The previous afternoon, a chance remark overheard in the street had led him to a tiny hamlet, far too small to be dignified by the term ‘village’, and from there to the long and unmade track which ended at the small, grey stone farmhouse. But still he wasn’t sure. Since he’d started watching the building, he had seen nobody in it or near it, and had heard nothing. The place appeared to be deserted, but it was clearly not derelict. Both the front and rear doors were in place, closed and probably locked, and there was glass in all the windows. And somehow the house conveyed a sense of occupancy, of cautious watchfulness, as if whoever was inside the building was paying just as much attention to Tremayne as he was to the farmhouse.

That was ridiculous, he knew, because his approach to the property had been so circuitous and had taken him so long that he was absolutely certain he’d been unobserved at all times, just as he was sure that he was effectively invisible in his present position. His clothing was brown and green, the colours of the hedgerow and the soil around him, and he was still almost 100 yards away from the house.

Then the faintest of movements caught his eye. A darker grey shape had just moved past one of the upstairs windows. At least, that’s what Tremayne thought he’d seen, and he concentrated hard, straining to make out any detail. That window remained dark, but at that moment the other window on the top floor of the farmhouse flared with light.

A man appeared on the left-hand side of the illuminated window, and beside him Tremayne saw the figure he’d been hoping to spot ever since he began his vigil. The girl – she looked about twelve years of age – had blonde hair cut in a distinctive style, and was wearing a dark-blue dress that Tremayne had seen before. She was struggling in the man’s grip as the two figures moved from one side of the window to the other, and just after they moved out of sight, he heard a shrill scream from the house, the sound abruptly cut short.

Tremayne’s grip tightened involuntarily on the binoculars. Seconds later, the man appeared at the window again and roughly pulled the curtains closed. Moments later, one of the downstairs windows was also illuminated, but all Tremayne could see was a thin vertical sliver of light between closed curtains.

For perhaps a minute he remained immobile, studying the house. Then he eased slowly backwards out of the hedgerow until he was able to stand upright and still not be seen from the farmhouse. He had already planned the route he was going to take to the property, and now he had seen all he needed to confirm his suspicions. He knew the girl was in the house, and in which room he was likely to find her.

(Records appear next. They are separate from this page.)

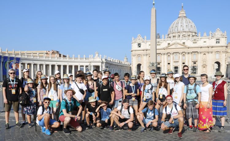 Am Dienstagnachmittag stand dann das absolute Highlight der Wallfahrt auf dem Programm - die Audienz auf dem Petersplatz mit Papst Franziskus. Bei 37 Grad römischer Hitze warteten Ministrantinnen und Ministranten aus der ganzen Welt singend, gut gelaunt und ausgerüstet mit literweise Trinkwasser auf die Ankunft des Papstes. Unter dem lauten Jubel von 60.000 Minis begrüßte der Papst die Wallfahrer während seiner Fahrt über den Platz und feierte im Anschluss mit ihnen einen Wortgottesdienst. Besonders beeindruckt waren viele Neubiberger Jugendliche von der Begegnung mit Papst Franziskus und der verbindenden Kraft des Glaubens, die sie auf dem Petersplatz erlebten. Das Warten in der Hitze hatte sich also gelohnt.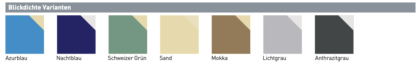 • Bitte wählen Sie aus 7 verschiedenen Farben: Azurblau - Nachtblau - Schweizer Grün - Sand - Mokka - Lichtgrau - Anthrazitgrau (Um eine Entfärbung auf den Randsteinen zu vermeiden sind die Rückseiten der blickdichten Abdeckungen in Farbe Sand oder Grau)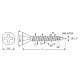 Саморезы для крепления гипсоволоконных листов (ГВЛ) изготовлены из стального прутка с высоким содержанием углерода. Контроль за геометрией самореза начинается с калибровки прутка и заканчивается тщательной проверкой размеров готового изделия. Нормативная твердость стали достигается термической обработкой. Поверхностная твердость 550-800HV, твердость в сердцевине 240-425HV. Саморезы легко вкручиваются обычным шуруповертом или отверткой с крестообразным шлицем PH2 (DIN). Предварительное сверление в скрепляемых материалах не требуется. Геометрические размеры: диаметр головки (Dk) - 6.9-7.3мм, диаметр высокой резьбы (D) - 4.05-4.25мм, диаметр низкой резьбы (D1) - 2.9-3.2мм, шаг резьбы (Pi) - 1.59мм.

He tucked the binoculars into one of the capacious pockets of his shooting jacket, and then began walking away from the property, following the line of the hedgerow to the point where it terminated in a small copse. He stopped at that point and stared back towards the house. It looked exactly the same as it had minutes before, with two lighted windows and no sign of movement.

Tremayne picked a path carefully through the copse, trying to avoid treading on any broken branches or anything else that could make a noise and give away his position, although he was still far enough away from the farmhouse for that not to be a problem.